Он раскрыл дорожный короб, достал какие-то бумаги.

– Ну, пойду глазеть на судейских крючков. Чай, в сенат-то без золотой или серебряной удочки и ходу нет? Без наживки последний тамошний пескарь и тот сорвется…

– Постойте, постойте, – вспомнил Белинский, – а московские-то новости? Так мне ничего и не рассказали?

– Да какие же новости, Виссарион Григорьевич, коли в Москве Гоголя не оказалось?

Кольцов ушел.

Поселившись у Белинского, он то уходил по делам с раннего утра, то возвращался запоздно. Он успел побывать у Жуковского и у Плетнева, у Одоевского и у Панаевых, а освободившись от посещений, охотнее всего отправлялся с Белинским в театр.

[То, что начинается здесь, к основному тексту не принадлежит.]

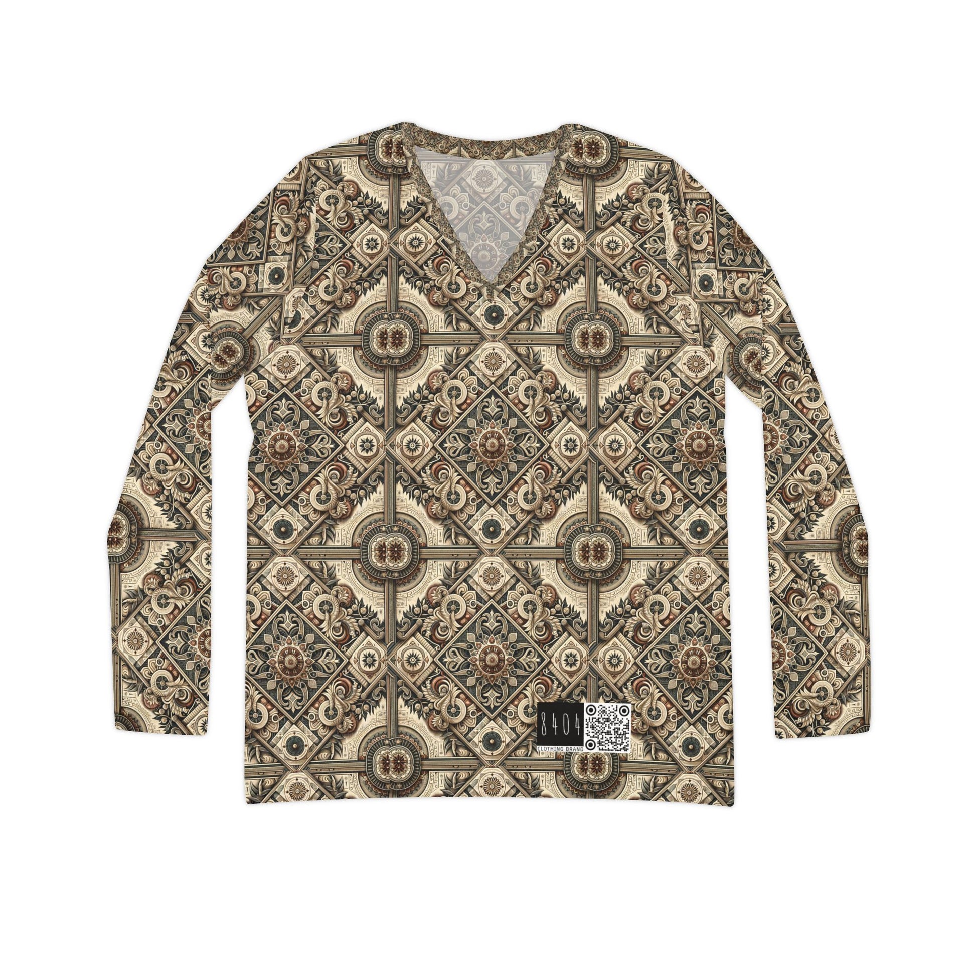 Graphic Workwear Capsule Artisanal Workwear Fusion Women's Long Sleeve V-Neck Shirt - 8404 Design-61

После театра начинались бесконечные чаи и бесконечные разговоры. Никто не пил чая с таким артистическим удовольствием, как Алексей Васильевич; никто не умел превратить чаепитие в величавый обряд. Отхлопотав на кухне и внеся кипящий самовар, Кольцов долго настаивал чай по особому рецепту, мелко-мелко колол сахар, разливал душистый напиток по стаканам, строго оглядывал их на свет, наливал себе в блюдечко и, взяв его пятью пальцами, выжидательно поглядывал на Белинского.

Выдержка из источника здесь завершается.